The complaint arose from a disagreement between the complainant (the European Coalition to End Animal Experiments) and the European Chemicals Agency regarding some aspects of the procedures for the registration of chemicals by the Agency. The complainant was concerned to minimise the extent to which registration would require safety tests involving animals. The complainant felt that the Agency was misinterpreting a factsheet it had published for the benefit of potential registrants and that, as a consequence, registrants were undertaking more testing involving animals than was otherwise necessary. Following her inquiry, the Ombudsman concluded that the agency was not misinterpreting its own factsheet and that its practices in this area were compatible with the duties laid on it by the relevant EU Regulation. Accordingly, the Ombudsman did not find any maladministration on the part of the Agency.

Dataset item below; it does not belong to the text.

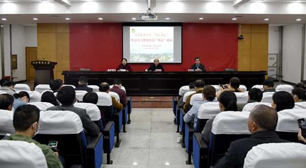 3月16日下午,学校举办“同心讲坛”学习会,全国人大代表、校民革委员会副主委、教务处处长魏洪义,全国政协委员、民建省委会副主委、副校长刘木华分别传达了全国两会精神。学习会由校党委统战部和机关党委共同主办,学校各民主党派和统战团体代表以及机关党员干部聆听了报告,经开区下罗派出所部分干警也参加了学习会。会议由校党委委员、统战部部长黎瑛主持。

The background to the complaint

1. The complainant is the European Coalition to End Animal Experiments (ECEAE), which has stakeholder status at the European Chemicals Agency (ECHA). ECHA is the EU specialised agency in charge of the registration, evaluation, authorisation and restriction of chemicals under Regulation 1907/2006 (the 'REACH Regulation')[1], which aims at ensuring "a high level of protection of human health and the environment as well as the free movement of substances... [and] also [at] promot[ing] the development of alternative methods for the assessment of hazards of substances"[2]. Moreover, the REACH Regulation provides for safeguards intended to minimise new animal testing and to give practical effect to the principle that animal testing should not be performed where it can be avoided, known as the last resort principle.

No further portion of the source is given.